Bombardier puts the brakes on North American high-speed train plans
(The following article by Bertrand Marotte was posted on the Globe and Mail website on June 3.)
MONTREAL -- Bombardier Inc. has put on ice its once-ambitious plans for high-speed train travel in North America.
André Navarri, president of Bombardier Transportation, said in an interview yesterday that there is little appetite for high-speed rail in North America, unlike in Europe and parts of Asia.
"For the time being, there is no project which is close to being promoted," he said. Asked about the potential for its once highly touted JetTrain technology in North America, he replied: "As there is no high-speed corridor for the time being, there is no JetTrain."
Bombardier Transportation spokeswoman Hélène Gagnon said later that Bombardier is no longer in discussions with any government bodies anywhere in North America regarding the funding of high-speed train travel.
"There is no project of any kind in Canada or the United States that is the subject of discussions," she said.
Bombardier Transportation is the rail unit of the global plane and train maker.
Montreal-based Bombardier had for the past several years been running a major campaign to spark interest in its high-speed train technology in the United States and Canada.
A high-profile attempt to win approval in Florida for its 240-kilometre-an-hour JetTrain failed last November after taxpayers voted it down.
And Bombardier, along with French partner Alstom SA, has been plagued by technical and other problems with their Acela Express train operated by Amtrak in the Washington-New York-Boston corridor, the only existing high-speed train in North America.
"Is there a market in North America for a very high-speed train? It's a difficult issue," Mr. Navarri said at corporate head office.
While high-speed trains have staked out a place in the popular, well-established rail system of Europe, "it's a little more difficult to find the right [rail] corridors in North America," he said.
"We are still prepared to discuss the [high-speed] potential in North America, but in North America we will mainly focus on the mass transit market," said Mr. Navarri, a former senior executive at Alstom who was hired last year by Bombardier to lead a sweeping restructuring at Bombardier Transportation.
It is difficult to get all the players -- especially governments -- to agree on how best to develop high-speed train travel in North America, he added.
"Up to now, it has not been possible to find this agreement, with the exception of Acela."
In Canada, Bombardier had high hopes for its JetTrain, particularly in the Quebec City-Windsor, Ont., corridor, and had been lobbying the federal government for financial assistance to upgrade the corridor at a cost of up to $3-billion.
"Quebec City-Windsor for the time being is on ice, for financial reasons," Ms. Gagnon said.
Other city-to-city links that Bombardier had identified included Calgary-Edmonton, Chicago-St. Louis, Los Angeles-San Francisco and Orlando-Miami.
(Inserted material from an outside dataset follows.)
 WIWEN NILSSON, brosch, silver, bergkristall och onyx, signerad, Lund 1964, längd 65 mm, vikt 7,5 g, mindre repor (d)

Mr. Navarri said he is not disheartened by an embarrassing series of technical glitches, delivery delays and contractual disputes related to the Acela Express.
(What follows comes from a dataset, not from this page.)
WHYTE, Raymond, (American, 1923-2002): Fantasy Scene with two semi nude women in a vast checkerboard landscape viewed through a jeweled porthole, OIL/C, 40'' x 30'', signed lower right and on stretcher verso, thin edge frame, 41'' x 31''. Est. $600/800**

He said he is confident that the latest snafu -- the Acela was yanked out of service in April after cracks on brake components were discovered -- will be amicably settled and won't degenerate into a legal brawl, as happened four years ago over costly design changes.
Meanwhile, Mr. Navarri said he expects strong growth from Eastern European countries as they join the European Union and become eligible for funding to upgrade their aging rail equipment.
Bombardier Transportation -- the world's largest manufacturer of rail transportation equipment -- also sees growth from the planned standardization of Europe's patchwork rail signalling system, as well as from the boosting of its services unit to about 30 per cent of revenue from 17 per cent today, he said.
Outside Europe, China represents a huge potential market for Bombardier, Mr. Navarri said.
He also said Bombardier Transportation's restructuring plan -- announced last year -- is on track and even ahead of schedule, with a work force reduction of about 15 per cent, to about 30,000 from more than 35,000 and the closing of seven facilities in Europe by the end of this year.
"All these plans are starting to show good results, especially in terms of profitability," and the rail unit should reach its target of 6-per-cent profit margins in the medium term as expected.
Six per cent is not the ultimate goal, he added.
"After that, we want to go even further."